Слухи расходились с быстротой молнии, и на Замковую со всех сторон стекалась толпа, сдерживаемая полицейскими. Прокурор Теодор Шацкий, примчавшись к месту преступления раньше Вильчура, взобрался по лестнице на второй этаж. Позже за ним с трудом вскарабкался Маршал — толстяк-полицейский с пушистыми усами. Не успел прокурор сделать первые распоряжения, как тело Маршала стали сотрясать потуги на рвоту. Сначала он воевал с ними, потом обгадил всего себя и усы. Вот тебе раз, подумал Шацкий, но, по сути, претензий к полицейскому у него не было. Картина и впрямь ужасающа, пожалуй, хуже в своей карьере он не видел. Разложившиеся или сгоревшие в пожаре трупы, утопленники, жертвы драк с раскроенными черепами — все это не шло ни в какое сравнение с висящим на крюке телом Гжегожа Будника, единственного подозреваемого по делу об убийстве своей жены, до недавнего времени находящегося в бегах.

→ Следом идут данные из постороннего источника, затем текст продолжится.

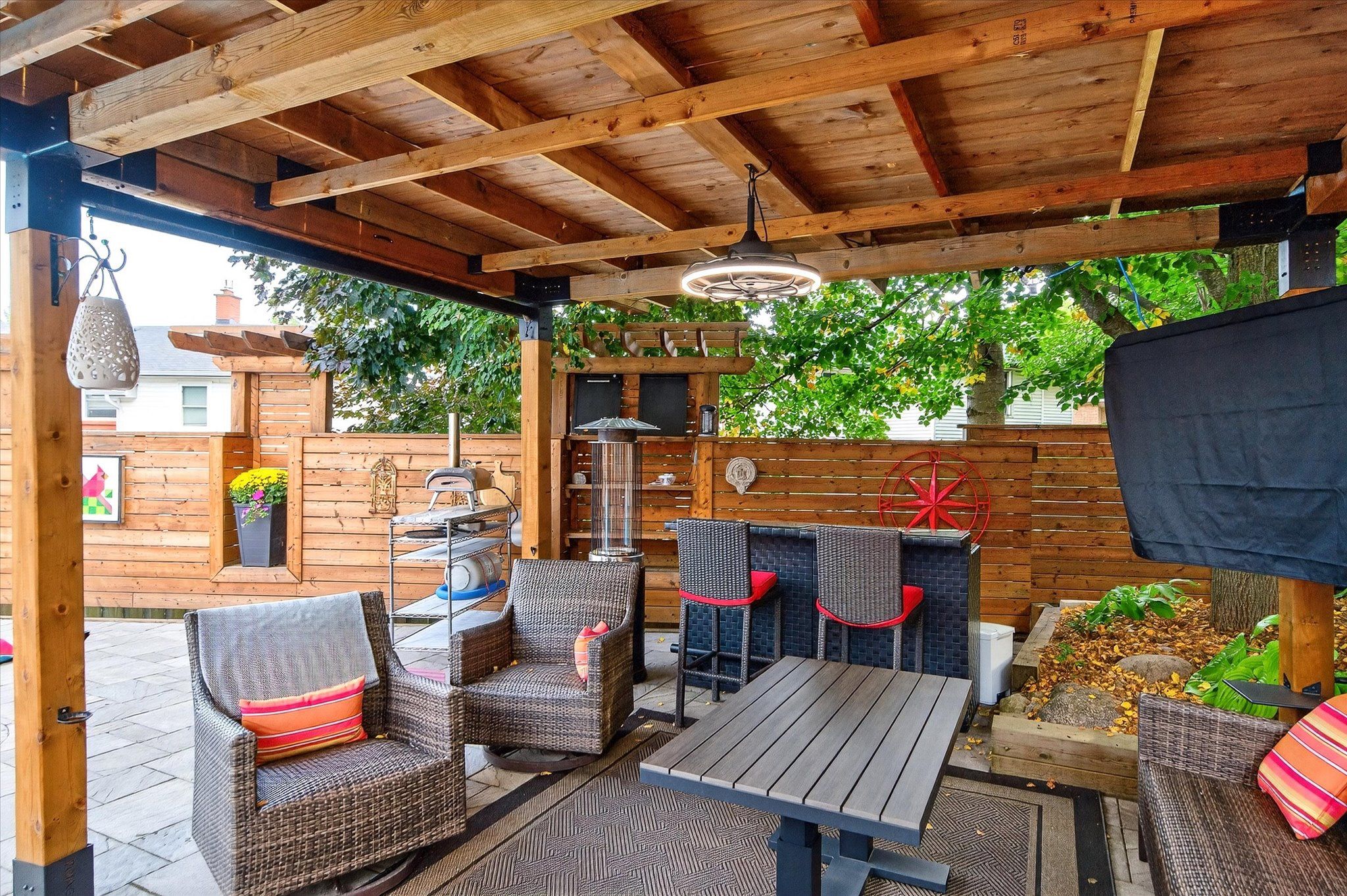 • Backyard oasis includes gas heated pool, hot tub, and outdoor kitchen.

Шацкий окинул взглядом чудовищную, сюрреалистическую картину; мозг его с трудом, словно на замедленных оборотах, преобразовывал увиденное в информацию. Что бросалось в глаза в первую очередь?

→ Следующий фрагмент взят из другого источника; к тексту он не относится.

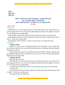 PHÁT TRIỂN KINH TẾ - XÃ HỘI CỦA CÁC NHÓM NƯỚC (02 tiết) I. MỤC TIÊU 1. Kiến thức

Пожалуй, бочка, этот кошмарный реквизит, придающий сцене театральную нереальность, вплоть до того, что где-то в глубине души Шацкий ожидал даже аплодисментов, после которых труп бы открыл глаза и улыбнулся зрителям.
Несомненно, приковывало взгляд и лицо. На каких-то курсах по криминалистике Шацкий узнал, что человеческий мозг запрограммирован так, чтобы распознавать лица и все, что на них отпечатывается: движения души, игру эмоций, всевозможные изменения, предупреждающие нас о том, стоит ли этому человеку улыбнуться или лучше как можно скорее сделать ноги. Наш мозг постоянно и повсюду выискивает человеческие лица (вот почему мы иногда видим Богоматерь на оконном стекле или морду чудовища на пне дерева), стараясь извлечь их из массы прочей информации, а после сортирует на известные и неизвестные и распознает их эмоции. Глядя на лицо Будника, мозг Шацкого испытывал адские муки. Особые приметы заместителя главы горсовета — болезненная худоба, запавшие глаза, рыжая шевелюра и бородка, даже эта несчастная рана на лбу — все исказил пробивший подбородок и вышедший через щеку наружу крюк. Изуродованные мышцы придавали лицу чужое, тревожное выражение, словно Будник на мгновенье заглянул в преисподнюю и увиденное там произвело на него неизгладимое впечатление. А сравнение могло оказаться не столь далеким от правды, подумалось Шацкому.